Before joining state government, Krause served for eight years in the United States Army and Tennessee Army National Guard. He completed three combat tours as a member of the 101st Airborne Division and was awarded the Bronze Star Medal during Operation Iraqi Freedom.

An eighth generation Tennessean, Krause earned his bachelor’s degree from Austin Peay State University and master’s in public policy from Vanderbilt University. He and his wife, Chrissi, live in Williamson County and have a young son, Max.

Krause joins THEC on August 1.

State parks to benefit from TN Promise scholars labor

NASHVILLE, Tenn. (AP) — Tennessee Promise scholars can perform community service hours with events planned across the state later this month.

State parks and natural areas are offering the events on July 23 at all 56 parks. The student volunteers can clear brush, limbs and invasive plants; plant flowers; build trails; assist with community events; or maintain historic features.

The Tennessee Department of Environment and Conservation said in a news release the projects are designed to beautify the parks and natural areas and provide meaningful outdoors experiences for the volunteers.

Tennessee Promise provides tuition-free community and technical college to recent high school graduates. This fall, all Tennessee Promise students using the program are required to complete eight hours of community service by Aug. 1.

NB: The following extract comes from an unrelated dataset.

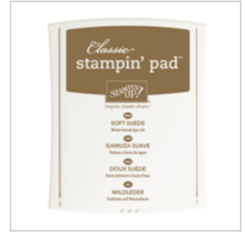
Soft Suede Classic Stampin' Pad
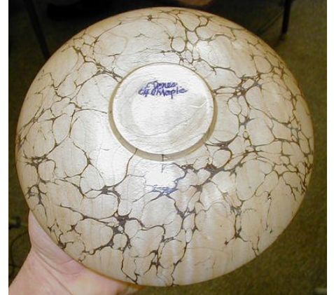
Marbled bowl (Looks like natural spalting)

For a list of events and to register, visit http://www.tnstateparks.com/about/special-event-cards/tn-promise-saturday or contact Nancy Schelin at (615) 532-5249 or nancy.schelin@tn.gov.

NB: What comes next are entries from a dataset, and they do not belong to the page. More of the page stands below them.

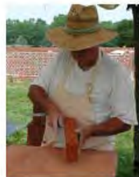
...checking for a true plane...
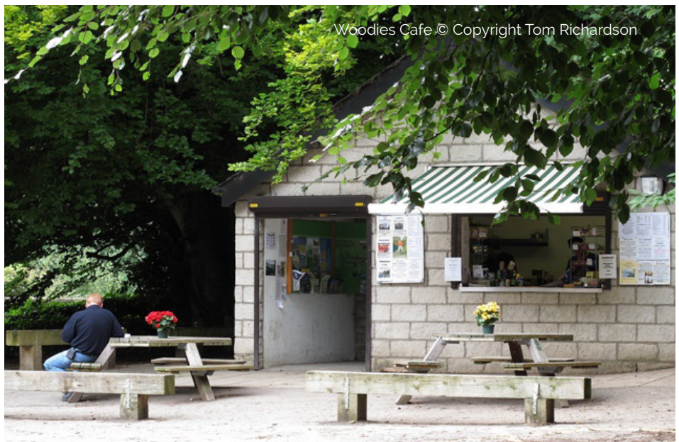
Woodies Cafe
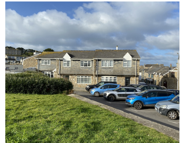
View of houses on Church Road
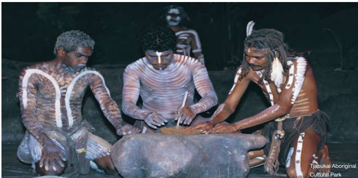
Tjapukai Aboriginal Cultural Park

Board of Regents signs off on tuition increases averaging 2.6 percent

News release from Tennessee Board of Regents
The Tennessee Board of Regents (Friday) approved the lowest increases in undergraduate tuition since 1983.

Tuition rates at the six TBR universities, 13 community colleges and 27 Tennessee Colleges of Applied Technology will increase an average of 2.6 percent for the 2016-17 academic year.

The action, taken during the TBR quarterly meeting at Northeast State Community College, represents the lowest average increases in more than 30 years. The increases are within the range recommended by the Tennessee Higher Education Commission. Continue reading

Veteran TN Capitol Hill reporter Rick Locker moves to Board of Regents

Richard “Rick” Locker, a Tennessee Capitol Hill reporter for 34 years and currently providing state government coverage for three major newspapers, has resigned to become communications director for the state Board of Regents.

Locker, a Lincoln County native and University of Tennessee-Knoxville graduate, began his newspaper career with the Knoxville Journal, serving there for three years before joining the Nashville Banner staff. He then signed on as Nashville correspondent for the Commercial Appeal of Memphis in 1982.

In 2014, Locker began covering the doings of legislators, governors, state government departments and such for the News Sentinel of Knoxville as well. This year, after Gannett bought the Commercial Appeal and the News Sentinel, his articles began appearing regularly in The Tennessean, too.

At the Board of Regents, Locker will succeed Monica Greppin-Watts, who has taken a position with the University of Alabama. He will begin the new job July 1, Locker said.

Says Locker in an email:

“I love and cherish my time at The Commercial Appeal and more recently at the News Sentinel too. Both are indispensable institutions in their communities, and the coverage they provide is essential to our democracy. It’s been a high honor and a privilege to cover state government and politics for West and East Tennesseans.”

Update/Note: See also the Nashville Scene blog post on Locker’s exit, HERE.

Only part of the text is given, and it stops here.